Let us reflect upon the spiritual reasons, but first let us define fasting in the Christian context. It is a temporary renunciation of something that is intrinsically good — like food, in order to intensify our expression of need for something greater — which is God, and his work in our lives. This voluntary renunciation of something that is good, also helps to build our spiritual muscles, because if we can say no to what is good, then it becomes easier to say to no to what is bad.

But there are other reasons, and we find Scripture replete with them. The primary reason is repentance. After prolonged periods of rebellion, God’s people come to their senses and turn towards God. To give you one example, in the time of Nehemiah “the Israelites gathered together, fasting and wearing sackcloth and putting dust on their heads” (Nehemiah 9:1b). We don’t need to fast to earn God’s forgiveness but as a sign of genuine contrition.

Fasting also gives voice to mourning or grieving calamitous situations. In the book of Esther, when the courtier Hanan plotted to destroy the Jews, “there was great mourning among the Jews, with fasting, weeping and wailing. Many lay in sackcloth and ashes” (Esther 4:3).
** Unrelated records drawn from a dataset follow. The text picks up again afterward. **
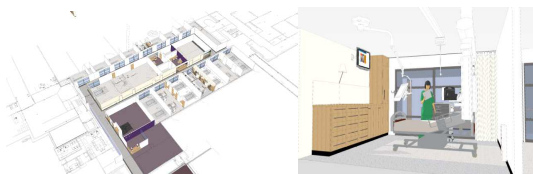
Fig. 4, 1 ICU Unit Of Catharina Hospital
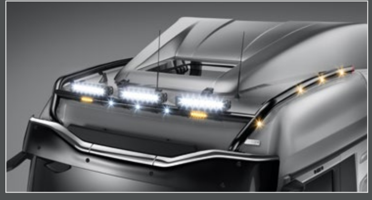
21702-7-B - LightFix - SKY-LIGHT "H-MAX"

21702-5-B - LightFix - SKY-LIGHT "H-TYPE" Lightbar for mounting a maximum of 6 spotlights and 2 beacons stainless steel - black powdercoated (paintable) - Ø 70mm - prewired red LEDs in the tube ends Note: also suitable for INDIVIDUAL sun visor
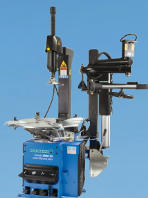
MONTY® 3300-22 SMARTSPEED™ / GP PLUS
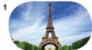
France / the Eiffel Tower
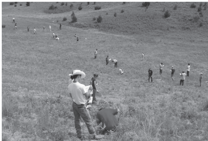
2006 campers participate in a range judging contest.

The Nebraska Section of the Society for Range Management is proud to sponsor this activity each year. The Section is also aware of, and grateful for, the time and effort provided by all the volunteers – many of whom are active Nebraska Section members – who each year help ensure a quality camp that provides both educational and recreational opportunities for the young participants.
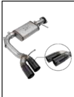
Rebel Exhaust System

P/N: 49-44058-B (Blk Tips) 49-44058-P (Pol Tips)
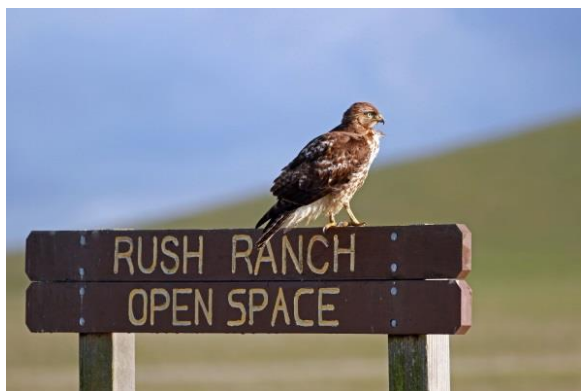
Rush Ranch
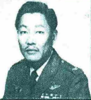
by Col. John S.W. Lee

Perhaps you've read about the Gramm Rudman-Hollings Act and how it's affecting our nation, national defense and the world economy. Well it has finally reached the Hawaii Air National Guard with considerable impact. In plain language, we will cut our budget beginning in April and for a total of six months by about $1,000,000. In our operations and maintenance allocation, significant reductions were projected in the following areas:
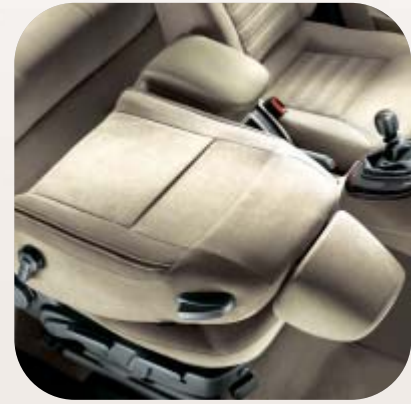
Fold-down front passenger seat.
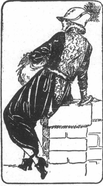
A novel black charmeuse frock opening at back and front over a straight fourreau of black and white broche silk.

The dress buttons right down the back, and down the front from the
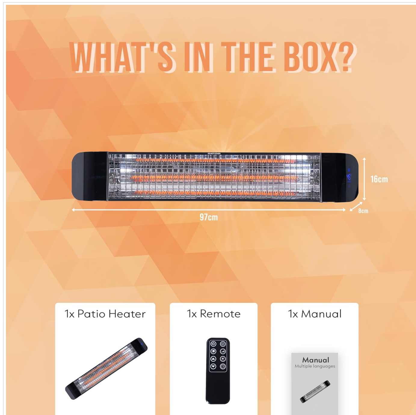
Image: A visual representation of the product's packaging contents. It shows the patio heater with dimensions (97cm length, 16cm height, 8cm depth), the remote control, and the user manual, labeled as '1x Patio Heater', '1x Remote', and '1x Manual' respectively.

When we fast, we make a display of faith in God in the midst of tragedies, that he will take us through them.

A third reason is to seek God’s favor. The prophet Ezra proclaimed a fast, so that they would have a safe journey on their return to Jerusalem from exile (see Ezra 8:21). For missionaries, this favor is very important, which is why, one day, while the apostles were worshiping the Lord and fasting, the Holy Spirit told them to set apart Barnabas and Saul for missionary work. “So after they had fasted and prayed, they placed their hands on them and sent them off” (see Acts 13:2-3).

A final reason, although there are plenty more, is that when we fast we declare to God: I need you more than anything else Lord, even food!